→ TASK STATEMENT: Could the data below be printed out exactly, with the pictures left out?

(Data entries)
---------------

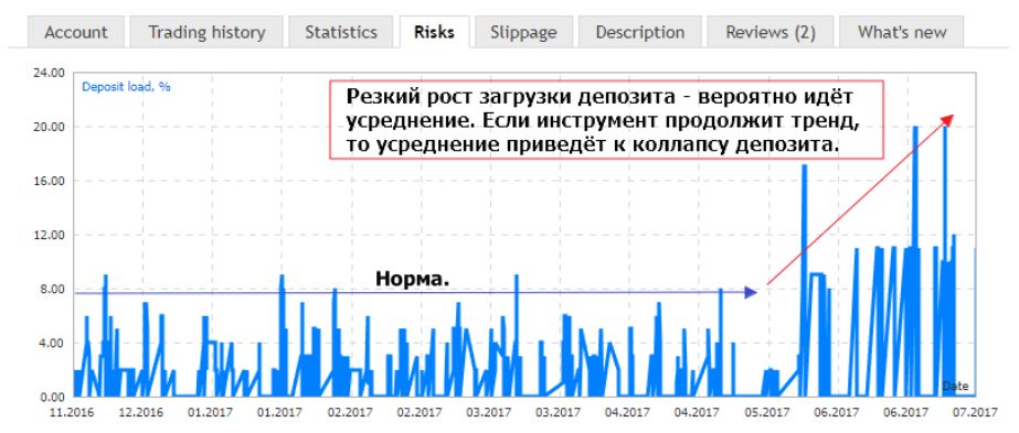 Здесь при присутствии периодичного наращивания кредитного плеча повышается вероятность торговли по Мартингейлу (усреднение), что показало уже не раз на практике, очень рискованное его применение.
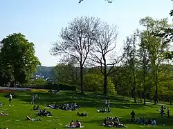 Während die eher steilen Südhänge im ausgehenden 19. Jahrhundert im unteren Teil oft mit Villen oder Häusern aus der Gründerzeit bebaut wurden, befinden sich am nördlichen Rand einige Kleingartenanlagen.
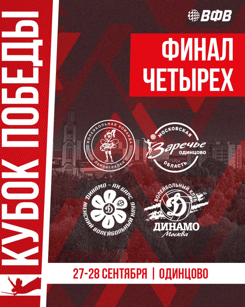 На площадке Одинцовского спортивного-зрелищного комплекса проходит «Финал четырёх» Кубка Победы. Розыгрыш посвящён 80-летию победы в Великой Отечественной войне и памяти советского волейболиста, тренера и функционера Владимира Ивановича Саввина.
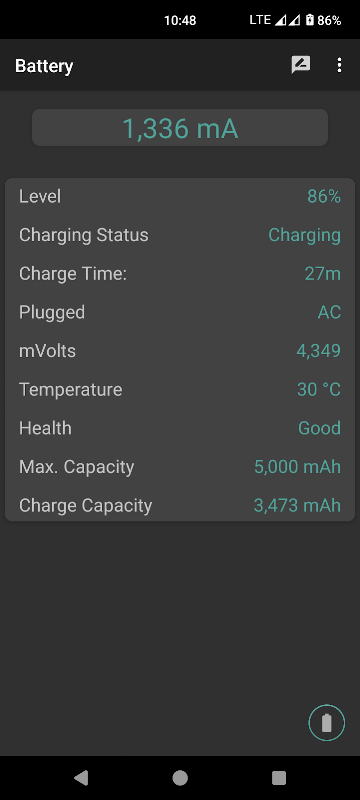 Battery App displays the current leaving and entering the battery in real time.
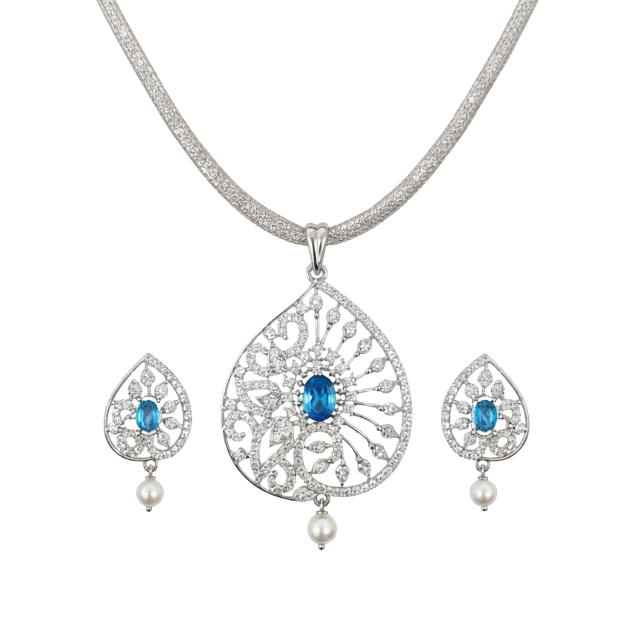 Inspired by nature, this leaf-shaped pendant adds a gentle pop of color with blue cz at the centre. Perfect for everyday wear or light festive styling.

---------------

→ ANSWER SECTION:
 Здесь при присутствии периодичного наращивания кредитного плеча повышается вероятность торговли по Мартингейлу (усреднение), что показало уже не раз на практике, очень рискованное его применение.
 Während die eher steilen Südhänge im ausgehenden 19. Jahrhundert im unteren Teil oft mit Villen oder Häusern aus der Gründerzeit bebaut wurden, befinden sich am nördlichen Rand einige Kleingartenanlagen.
 На площадке Одинцовского спортивного-зрелищного комплекса проходит «Финал четырёх» Кубка Победы. Розыгрыш посвящён 80-летию победы в Великой Отечественной войне и памяти советского волейболиста, тренера и функционера Владимира Ивановича Саввина.
 Battery App displays the current leaving and entering the battery in real time.
 Inspired by nature, this leaf-shaped pendant adds a gentle pop of color with blue cz at the centre. Perfect for everyday wear or light festive styling.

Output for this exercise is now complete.